Batch OP: C605E003.1of Phenol, 1,1-dimethylpropyl derivs. was a colourless to pale yellow solid. Since due to physical properties of the test item no workable suspension in physiological saline could be obtained, the test item was used as delivered and an excessive amount was added pure on top of the corneas.

 

The negative control responses for opacity and permeability were less than the upper limits of the laboratory historical range indicating that the negative control did not induce irritancy on the corneas. The mean in vitro irritancy score of the positive control (20% (w/v) Imidazole) was 171 and within two standard deviations of the current historical positive control mean.
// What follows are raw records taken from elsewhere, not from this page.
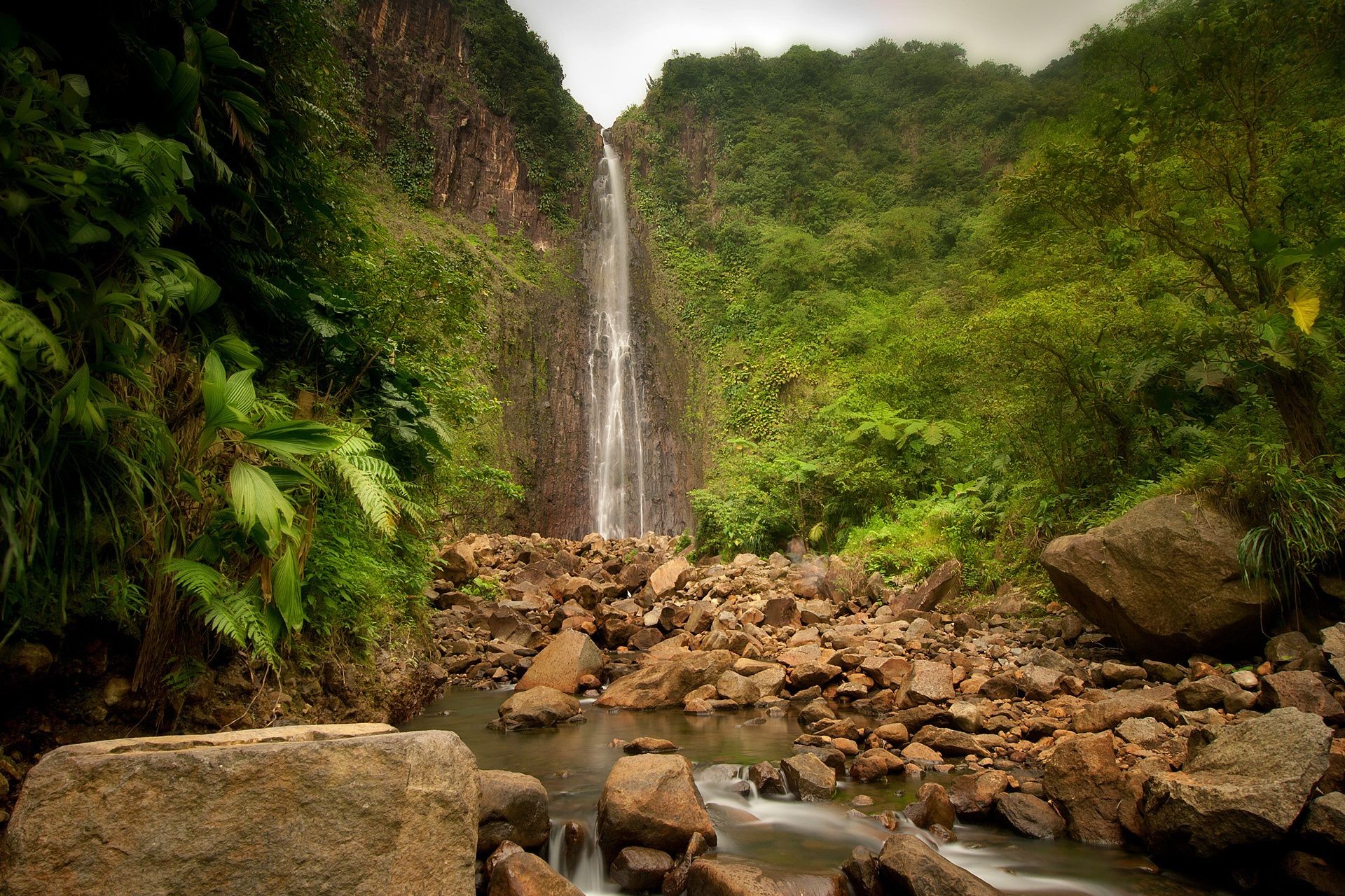 Bella cascata alta nella foresta
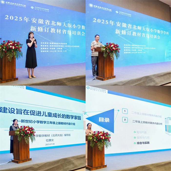 培训会上,安徽省教科院院长王勇、北师大出版集团安徽区域负责人、省小学数学教研员杨怡等专家出席开幕式并致辞。北师大版小学数学教材分册主编何凤波、位惠女、田红霞等专家对二、三年级教材的各领域进行了深入解读,为参训教师提供了专业的理论指导。
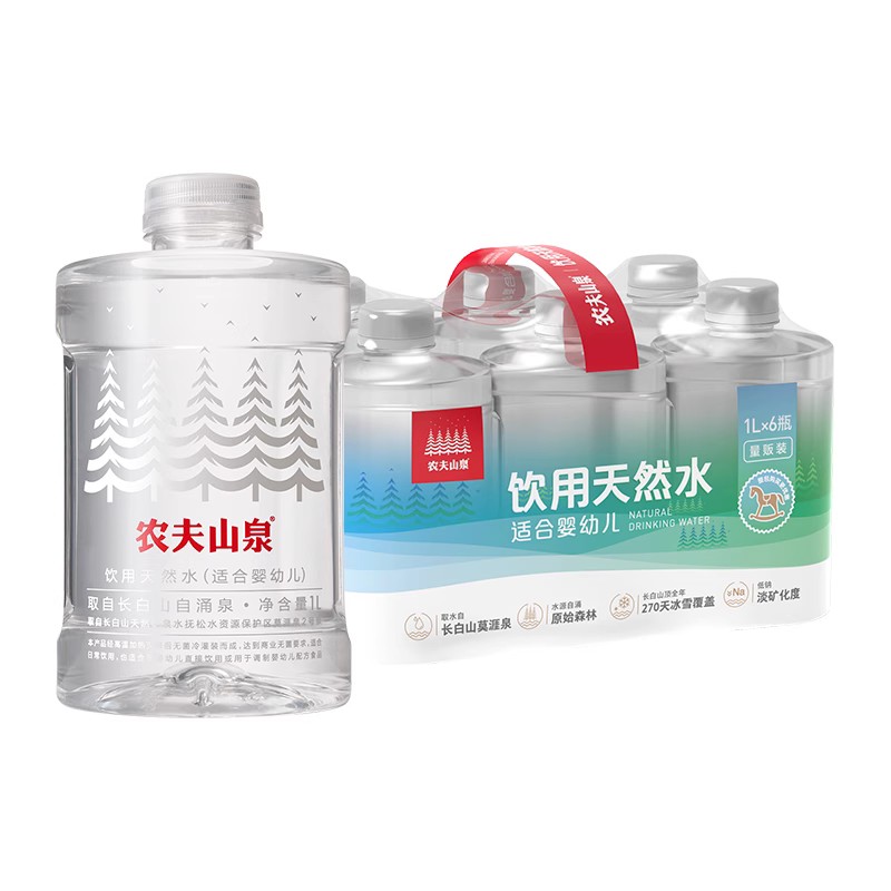 农夫山泉婴儿水天然水母婴水适合宝宝婴幼儿饮用水1L*12瓶整箱
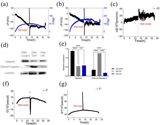 Dynamic QCM responses and cytomechanical parameters recorded during TNF and CHX induced apoptosis in 2000 HeLa cells. (a,b) Frequency shifts and motional resistance changes on AT (a) and BT (b) cut quartz crystals; (c) Cells generated force on quartz crystal; (d) Effects of apoptosis induced by TNF and CHX on Caspase3 cleavage through Western blot assay. The loading control is GAPDH expression; (e) The relative expression of target protein/GAPDH was analysed by Image-Pro Plus 6.0 Software (** p < 0.01, **** p < 0.0001); (f) Variations of the elastic modulus (storage modulus) G′; (g) Variations of the viscous modulus (loss modulus) G′.
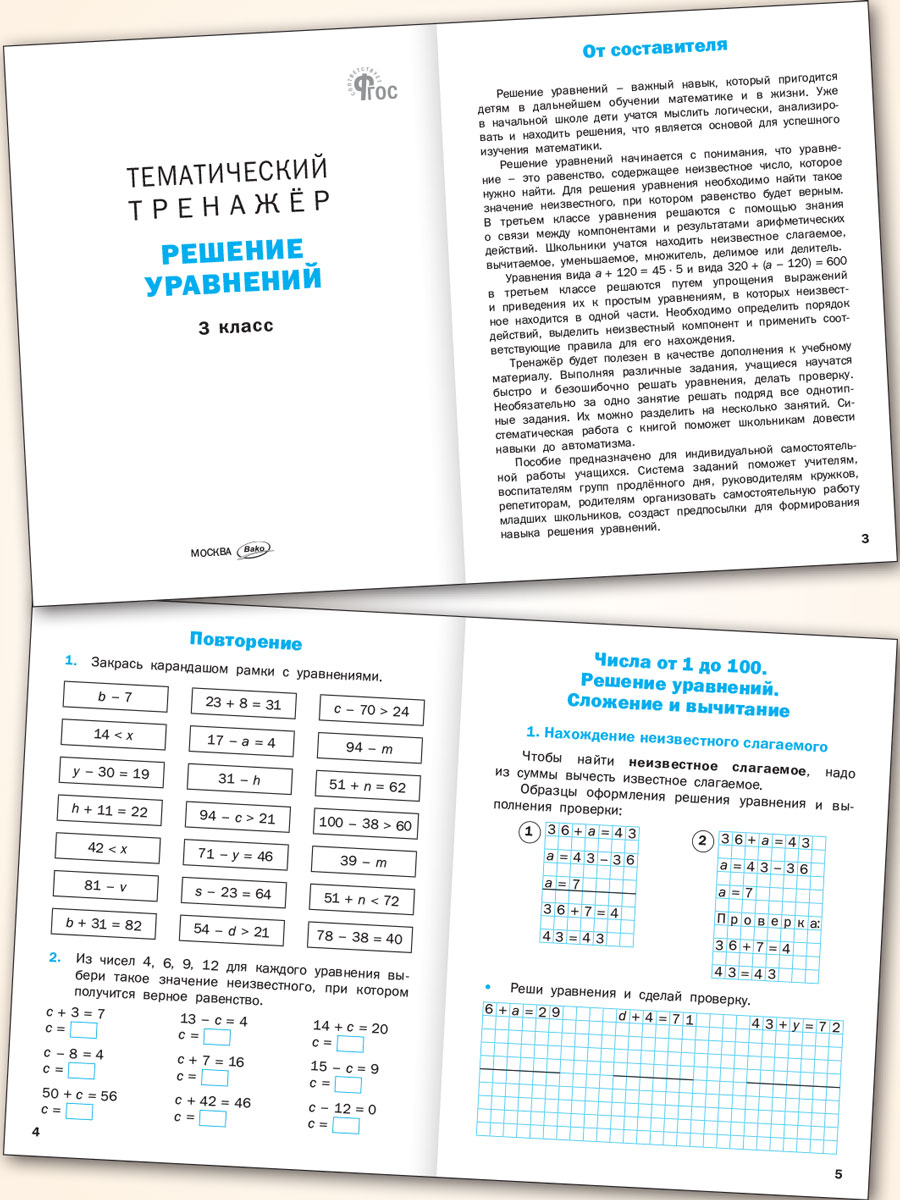 Тренажёр продолжает серию пособий, помогающих сформировать устойчивый навык решения уравнений учениками начальной школы. Усвоение этой трудной для младшей школы темы пригодится детям не только в средней школе, но и в жизни. Материал методически выстроен, соответствует возрастному уровню и школьной программе. В третьем классе кроме разнообразных простых уравнений рассмотрены несколько видов усложнённых.

It was therefore concluded that the test conditions were adequate and that the test system functioned properly.

 

Phenol, 1,1-dimethylpropyl derivs. induced serious eye damage through both endpoints, resulting in a mean in vitro irritancy score of 90 after 240 minutes of treatment.

 

Since Phenol, 1,1-dimethylpropyl derivs. induced an IVIS ≥ 55, it is concluded that Phenol, 1,1-dimethylpropyl derivs. induces serious eye damage in the Bovine Corneal Opacity and Permeability test under the experimental conditions described in this report and should be classified Category 1 according to the Globally Harmonized System of Classification and Labeling of Chemicals (GHS) of the United Nations.

Endpoint conclusion

Endpoint conclusion:

adverse effect observed (irreversible damage)

Additional information

Justification for classification or non-classification

Skin Irritation/Corrosion – In Vitro

It is concluded that this test is valid and that Phenol, 1,1-dimethylpropyl derivs. is corrosive in the in vitro skin corrosion test under the experimental conditions described in the report.

Eye Irritation - In Vitro

Since Phenol, 1,1-dimethylpropyl derivs. induced an IVIS ≥ 55, it is concluded that Phenol, 1,1-dimethylpropyl derivs. induces serious eye damage in the Bovine Corneal Opacity and Permeability test under the experimental conditions described in this report and should be classified Category 1 according to the Globally Harmonized System of Classification and Labeling of Chemicals (GHS) of the United Nations.